STORED DATA.
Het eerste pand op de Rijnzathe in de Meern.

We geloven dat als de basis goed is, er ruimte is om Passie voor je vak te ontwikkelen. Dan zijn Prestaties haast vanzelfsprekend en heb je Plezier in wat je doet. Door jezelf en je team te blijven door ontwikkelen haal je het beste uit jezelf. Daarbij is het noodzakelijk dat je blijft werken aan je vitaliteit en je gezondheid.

==

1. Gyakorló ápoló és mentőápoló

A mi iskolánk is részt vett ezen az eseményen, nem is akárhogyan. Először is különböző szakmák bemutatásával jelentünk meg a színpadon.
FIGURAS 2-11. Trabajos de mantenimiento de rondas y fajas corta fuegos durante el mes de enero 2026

...

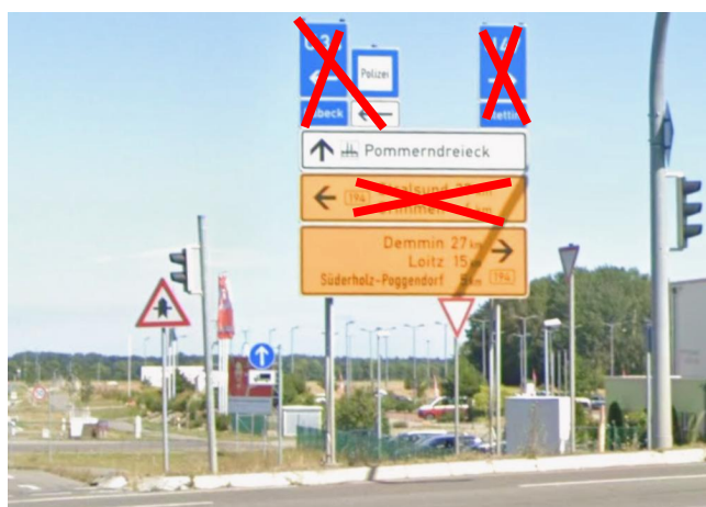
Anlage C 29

PROBLEM TO SOLVE.
Beginning with the line containing "Het eerste pand op de Rijnzathe in de Meern." in the material above, copy every line exactly until you have copied the line containing "We geloven dat".

COMPLETED EXERCISE.
Het eerste pand op de Rijnzathe in de Meern.

We geloven dat als de basis goed is, er ruimte is om Passie voor je vak te ontwikkelen. Dan zijn Prestaties haast vanzelfsprekend en heb je Plezier in wat je doet. Door jezelf en je team te blijven door ontwikkelen haal je het beste uit jezelf. Daarbij is het noodzakelijk dat je blijft werken aan je vitaliteit en je gezondheid.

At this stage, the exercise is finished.